For this exercise, return only the lines in the records below from the one holding "Calender Month |" through the one holding "een Lourdesgrot gebouwd.", including both, exactly as they appear and without pictures.

Dataset extract:
☆ ☆ ☆ ☆

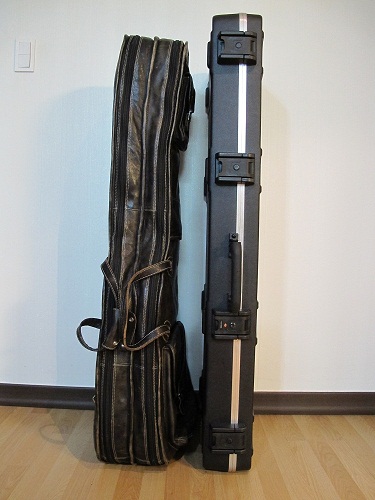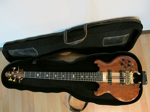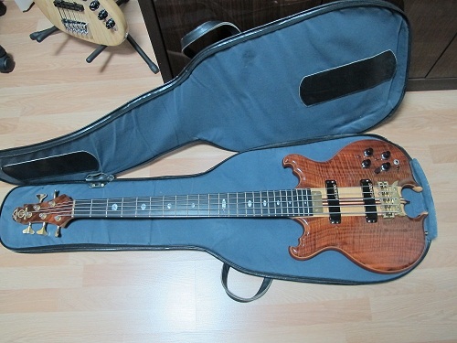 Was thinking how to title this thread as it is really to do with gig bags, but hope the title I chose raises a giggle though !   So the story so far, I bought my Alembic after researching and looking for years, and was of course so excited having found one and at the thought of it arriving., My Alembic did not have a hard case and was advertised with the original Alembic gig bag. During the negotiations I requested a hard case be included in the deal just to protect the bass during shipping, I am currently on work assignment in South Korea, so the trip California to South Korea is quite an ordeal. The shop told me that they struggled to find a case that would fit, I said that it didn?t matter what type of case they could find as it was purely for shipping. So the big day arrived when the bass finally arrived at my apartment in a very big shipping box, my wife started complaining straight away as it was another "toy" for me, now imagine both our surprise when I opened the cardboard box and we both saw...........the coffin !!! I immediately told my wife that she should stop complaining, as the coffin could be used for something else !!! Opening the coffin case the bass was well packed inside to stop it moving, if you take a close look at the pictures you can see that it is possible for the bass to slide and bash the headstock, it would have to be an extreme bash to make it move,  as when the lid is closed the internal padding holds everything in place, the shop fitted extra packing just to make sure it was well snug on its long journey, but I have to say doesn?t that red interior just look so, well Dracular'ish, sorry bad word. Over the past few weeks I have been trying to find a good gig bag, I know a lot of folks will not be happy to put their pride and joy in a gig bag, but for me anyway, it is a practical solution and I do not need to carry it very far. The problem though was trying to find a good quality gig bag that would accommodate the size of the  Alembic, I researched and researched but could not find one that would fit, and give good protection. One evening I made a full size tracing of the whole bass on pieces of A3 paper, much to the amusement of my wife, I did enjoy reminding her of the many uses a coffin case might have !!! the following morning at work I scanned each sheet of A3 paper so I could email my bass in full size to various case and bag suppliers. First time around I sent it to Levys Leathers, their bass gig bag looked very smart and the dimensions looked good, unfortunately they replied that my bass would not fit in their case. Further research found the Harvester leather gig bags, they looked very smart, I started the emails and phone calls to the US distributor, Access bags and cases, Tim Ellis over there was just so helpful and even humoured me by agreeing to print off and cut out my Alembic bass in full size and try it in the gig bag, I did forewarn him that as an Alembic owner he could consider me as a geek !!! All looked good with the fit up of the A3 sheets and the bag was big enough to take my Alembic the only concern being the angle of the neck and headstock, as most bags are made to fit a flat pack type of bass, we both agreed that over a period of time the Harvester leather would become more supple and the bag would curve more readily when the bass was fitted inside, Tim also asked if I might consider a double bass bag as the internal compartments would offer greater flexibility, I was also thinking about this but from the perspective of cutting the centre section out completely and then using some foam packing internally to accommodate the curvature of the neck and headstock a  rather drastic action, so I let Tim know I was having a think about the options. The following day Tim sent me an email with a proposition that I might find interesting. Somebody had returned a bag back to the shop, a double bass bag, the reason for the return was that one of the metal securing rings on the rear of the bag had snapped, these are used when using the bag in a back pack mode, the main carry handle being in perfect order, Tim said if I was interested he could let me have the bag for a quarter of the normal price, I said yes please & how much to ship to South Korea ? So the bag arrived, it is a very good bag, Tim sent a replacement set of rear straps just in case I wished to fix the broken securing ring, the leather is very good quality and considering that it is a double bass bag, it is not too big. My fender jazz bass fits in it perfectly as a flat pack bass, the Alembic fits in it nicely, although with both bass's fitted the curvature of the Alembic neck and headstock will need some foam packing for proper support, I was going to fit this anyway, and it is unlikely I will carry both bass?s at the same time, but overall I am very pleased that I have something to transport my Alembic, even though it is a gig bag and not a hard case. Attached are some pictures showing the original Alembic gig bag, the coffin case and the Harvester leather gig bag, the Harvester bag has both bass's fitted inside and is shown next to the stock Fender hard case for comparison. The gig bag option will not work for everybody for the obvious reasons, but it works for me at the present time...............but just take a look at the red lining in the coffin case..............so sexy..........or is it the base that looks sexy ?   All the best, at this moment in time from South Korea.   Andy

☆ ☆ ☆ ☆

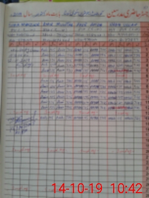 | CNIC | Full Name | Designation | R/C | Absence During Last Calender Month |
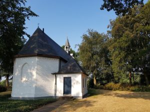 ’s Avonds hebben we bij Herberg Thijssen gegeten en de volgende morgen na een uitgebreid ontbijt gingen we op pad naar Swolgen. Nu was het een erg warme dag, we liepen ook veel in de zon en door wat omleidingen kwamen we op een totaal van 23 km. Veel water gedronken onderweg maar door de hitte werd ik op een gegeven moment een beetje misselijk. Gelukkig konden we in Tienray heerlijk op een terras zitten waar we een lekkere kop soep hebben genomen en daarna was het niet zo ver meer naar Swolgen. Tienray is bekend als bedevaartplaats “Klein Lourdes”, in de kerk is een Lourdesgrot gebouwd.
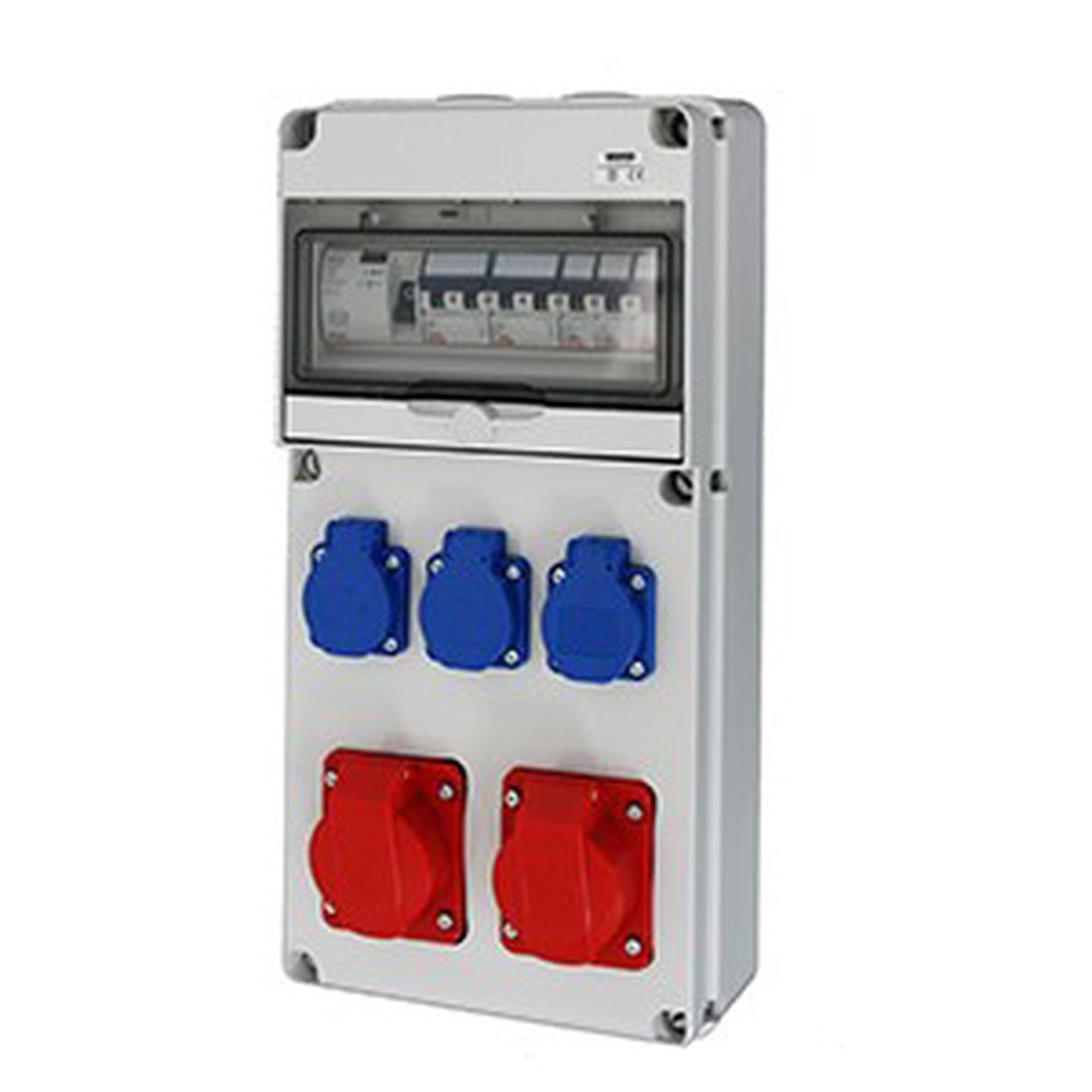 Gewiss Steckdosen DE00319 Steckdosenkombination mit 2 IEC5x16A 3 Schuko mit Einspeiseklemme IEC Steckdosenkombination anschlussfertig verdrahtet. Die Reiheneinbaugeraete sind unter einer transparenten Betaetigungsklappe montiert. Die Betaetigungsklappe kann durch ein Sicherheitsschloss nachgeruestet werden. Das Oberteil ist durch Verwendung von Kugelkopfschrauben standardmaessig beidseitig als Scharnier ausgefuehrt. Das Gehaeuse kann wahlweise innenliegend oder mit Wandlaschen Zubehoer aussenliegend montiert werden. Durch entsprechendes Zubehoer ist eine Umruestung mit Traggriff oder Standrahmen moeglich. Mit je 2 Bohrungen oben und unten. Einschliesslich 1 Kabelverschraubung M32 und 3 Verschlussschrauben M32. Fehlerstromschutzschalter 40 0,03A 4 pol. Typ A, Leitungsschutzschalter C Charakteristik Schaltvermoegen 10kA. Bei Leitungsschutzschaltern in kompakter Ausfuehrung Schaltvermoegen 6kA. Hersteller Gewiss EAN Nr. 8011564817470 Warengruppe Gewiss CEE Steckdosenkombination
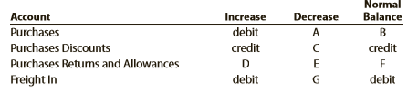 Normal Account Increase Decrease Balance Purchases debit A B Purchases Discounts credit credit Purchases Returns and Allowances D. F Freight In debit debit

☆ ☆ ☆ ☆

Solution to this task:
 | CNIC | Full Name | Designation | R/C | Absence During Last Calender Month |
 ’s Avonds hebben we bij Herberg Thijssen gegeten en de volgende morgen na een uitgebreid ontbijt gingen we op pad naar Swolgen. Nu was het een erg warme dag, we liepen ook veel in de zon en door wat omleidingen kwamen we op een totaal van 23 km. Veel water gedronken onderweg maar door de hitte werd ik op een gegeven moment een beetje misselijk. Gelukkig konden we in Tienray heerlijk op een terras zitten waar we een lekkere kop soep hebben genomen en daarna was het niet zo ver meer naar Swolgen. Tienray is bekend als bedevaartplaats “Klein Lourdes”, in de kerk is een Lourdesgrot gebouwd.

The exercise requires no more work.